# Here's what the pistol can do, too.



## ergo (Aug 15, 2017)




----------



## Bearfootfarm (Jul 13, 2006)

Are we supposed to be impressed at how fast he wastes ammo?


----------



## Texaspredatorhu (Sep 15, 2015)

Bearfootfarm said:


> Are we supposed to be impressed at how fast he wastes ammo?

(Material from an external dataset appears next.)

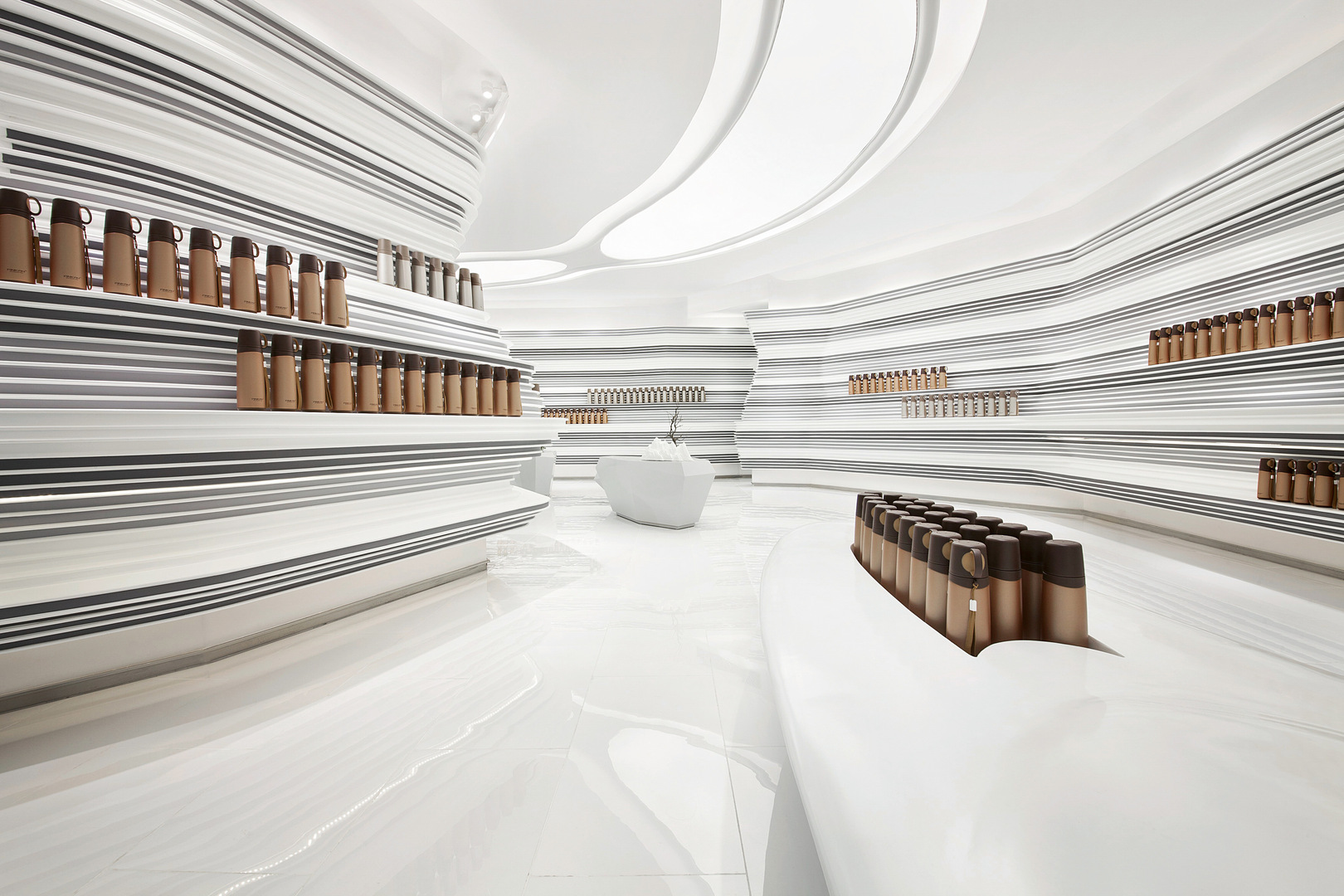 The inspiration for the design of this showroom is the appreciation of life in nature. The concave and convex surface structure of the wall recalls the weathering effects of rocks and conveys a sense of the present and the future. Curves and streamlines organically combine showcases with the space, creating a smooth, agile, but at the same time tense atmosphere. The lighting and the white and grey colour concept produce an environment in which the exhibits take the leading role.
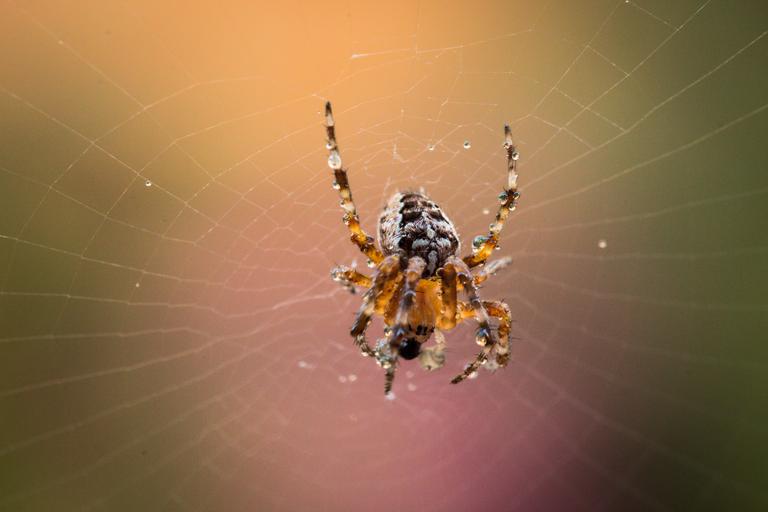 Keywords: garden spider araneus diadematus spider cobweb spider macro close animal spider webs floating safety net network insect hairy araneus arachnid drop of water

Very much so I guess. Accuracy doesn't matter much with that!


----------



## catalekid (Jan 23, 2011)

Looks like he is well withing minute of bad guy on every shot ............ of course, the only reason I can thing of to shoot any person that many times is if you are shooting an underpowered cartridge.


----------



## mustangglp (Jul 7, 2015)

One shot should get the job done with a 45? I suspect he's shoots greatly reduced loads. He a amazing shot anyway.


----------



## Hitch (Oct 19, 2016)

I'm sorry but a 9mm 1911 is blasphemy.


----------



## catalekid (Jan 23, 2011)

I agree with Hitch


----------



## Chuck R. (Apr 24, 2008)

mustangglp said:


> One shot should get the job done with a 45? I suspect he's shoots greatly reduced loads. *He a amazing shot anyway.*


Yup, he's sort of nationally ranked in several different shooting competitions, with a chitload of titles:



> Two time Overall IPSC Revolver World Champion (2002[9] and 2005[10]), and two time Senior IPSC Revolver World Champion (2005 and 2011[11]).
> Seven time USPSA 3-Gun National Championship
> Four time USPSA Multi-gun National Championship
> Four time 2nd Chance Bowling Pin Champion
> ...


https://en.wikipedia.org/wiki/Jerry_Miculek

Chuck


----------